> _Problem to work on_: Output all the data exactly. Pictures do not belong in the copy.

> _Input data_:
• • • • • • •

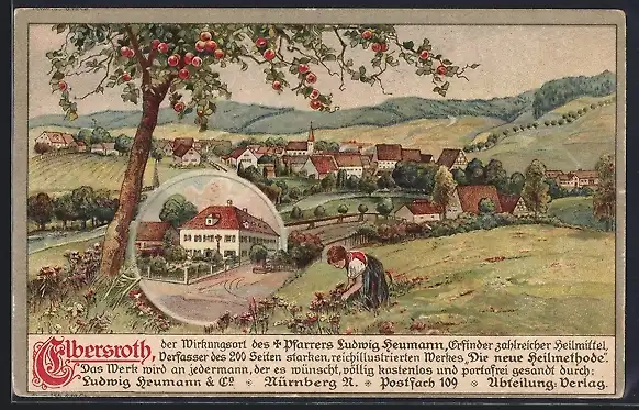 AK Elbersroth, Landschaftsansicht mit Frau und Obstbaum
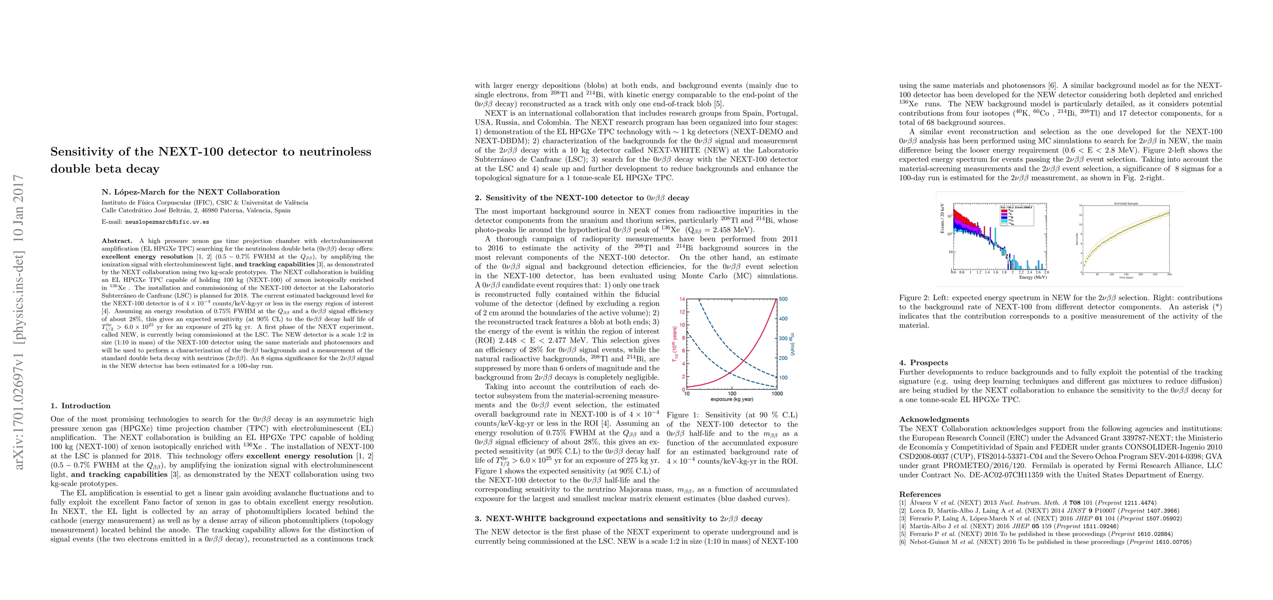 The NEXT-100 detector, a high-pressure xenon gas TPC with electroluminescent amplification, aims to detect neutrinoless double beta decay with high sensitivity and energy resolution. The planned installation at LSC anticipates a background level of $4\times10^{-4}$ counts/keV-kg-yr, offering a half-life sensitivity of $T^{0\nu}_{1/2}>6.0\times10^{25}$ yr.
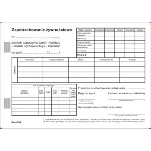 0162 Zapotrzebowanie żywieniowe MEN -V/4

• • • • • • •

> _Answer section_:
 AK Elbersroth, Landschaftsansicht mit Frau und Obstbaum
 The NEXT-100 detector, a high-pressure xenon gas TPC with electroluminescent amplification, aims to detect neutrinoless double beta decay with high sensitivity and energy resolution. The planned installation at LSC anticipates a background level of $4\times10^{-4}$ counts/keV-kg-yr, offering a half-life sensitivity of $T^{0\nu}_{1/2}>6.0\times10^{25}$ yr.
 0162 Zapotrzebowanie żywieniowe MEN -V/4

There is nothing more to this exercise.